Андрей огляделся. Они уже свернули с проспекта и шли по едва зеленеющей аллее. Влажная после ночного дождя земля, казалось, подрагивала. Оттого, что листья на ветках были маленькими, ветки тоненькими, стволы по-весеннему прозрачными, аллея казалась худенькой и гибкой, как девочка-подросток. Над аллеей светлело небо, и солнце набирало высоту, разгоняя пелену утреннего тумана.

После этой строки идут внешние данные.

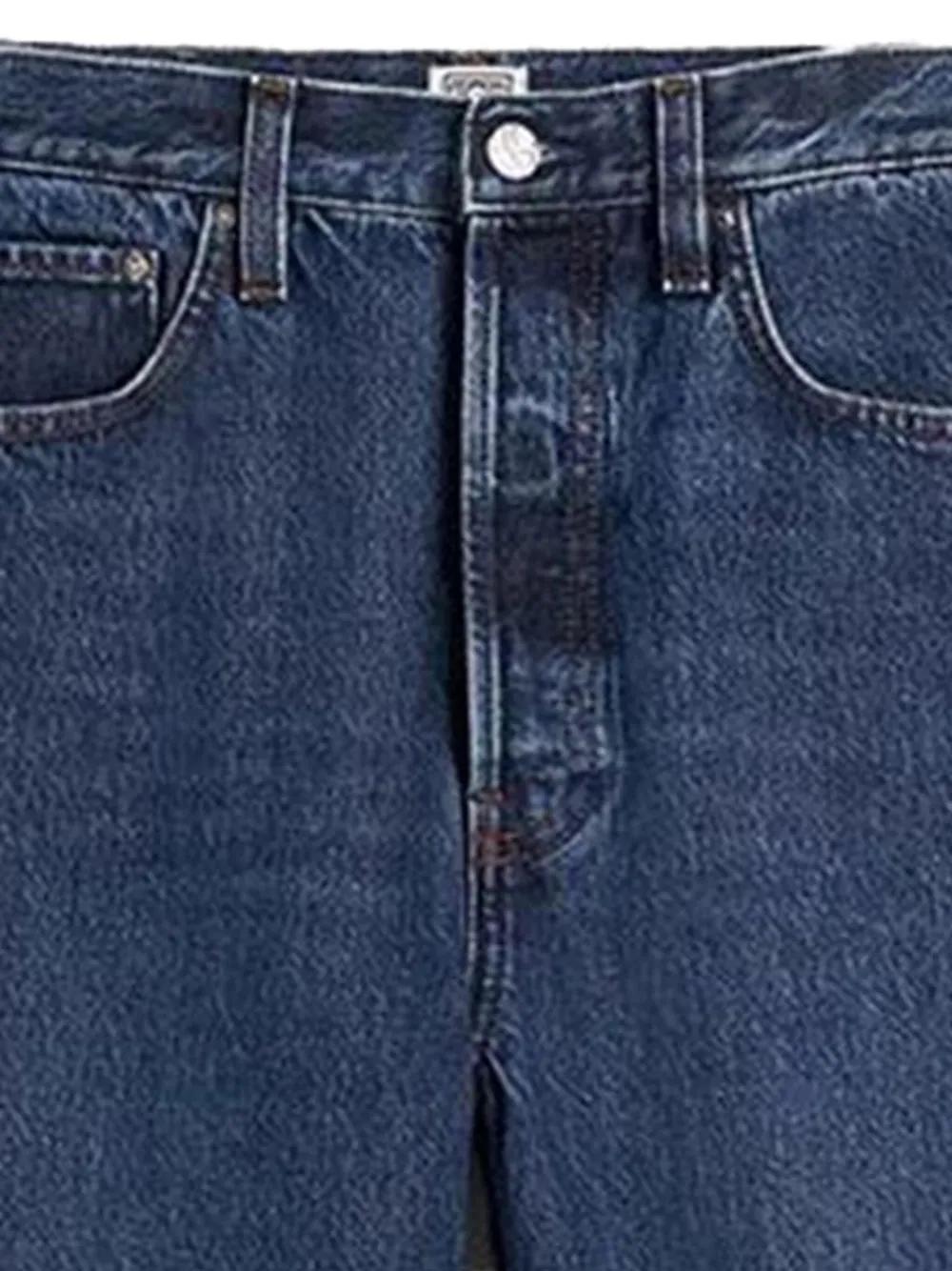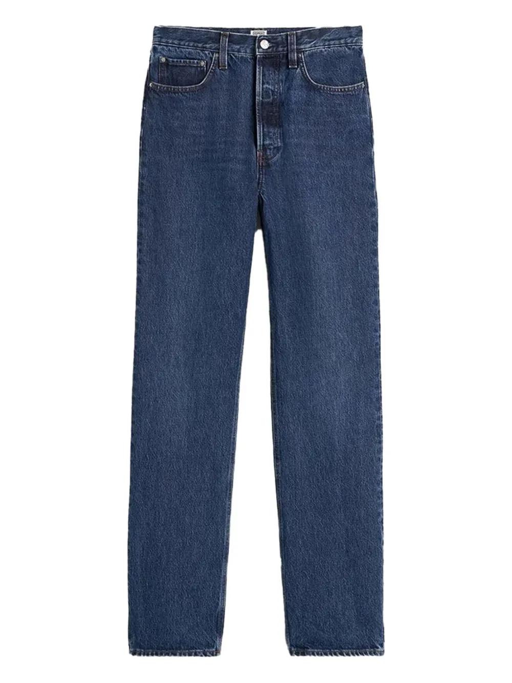 dark blue button fastening front pockets back pockets belt loops tonal stitching
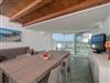 The living room is very bright and panoramic thanks to large glass walls overlooking the terrace and is furnished with a dining table, TV and sofa bed.

Неожиданно Андрею стало жаль себя, совсем как в отрочестве, когда, казалось, необъяснимая враждебность разлита в окружающем мире, все — против, и нет места, где можно спрятаться, укрыться. Нынче же в сходной ситуации достаточно было просто переложить невидимый регистр, и все личностное, тревожащее проецировалось на вечное и независимое, будь то историческая эпоха — какие-нибудь милые сердцу Андрея древний Крит или средневековый Прованс, будь то даже современная жизнь. Эта жизнь: Москвы, природы, окружающих людей — могла оказаться в единой тональности с мыслями Андрея, и внутреннее переживание становилось всеобъемлющим, обретало размеры галактические, некий всеобщий смысл как бы открывался Андрею. Но бывало и по-другому. Жизнь текла в упоении от своей изначальной силы, и Андрей казался себе бабочкой, прилепившейся к крыше поезда. Что может осмыслить бабочка? Теряясь перед этой изначальной силой, Андреевы мысли растворялись, разлетались на атомы, лишались смысла. Но в любом случае наступал покой. В независимой жизни, следовательно, точно так же, как и в природе, заключались забвение и спасение. Сейчас она бесстрастно свидетельствовала, что на дворе май, весна, что грядет теплый и влажный день, что легкий ветерок будет гнать по Москве-реке рябь, что впереди свобода — пей ее, сладкую, пенящуюся, пей, наслаждайся!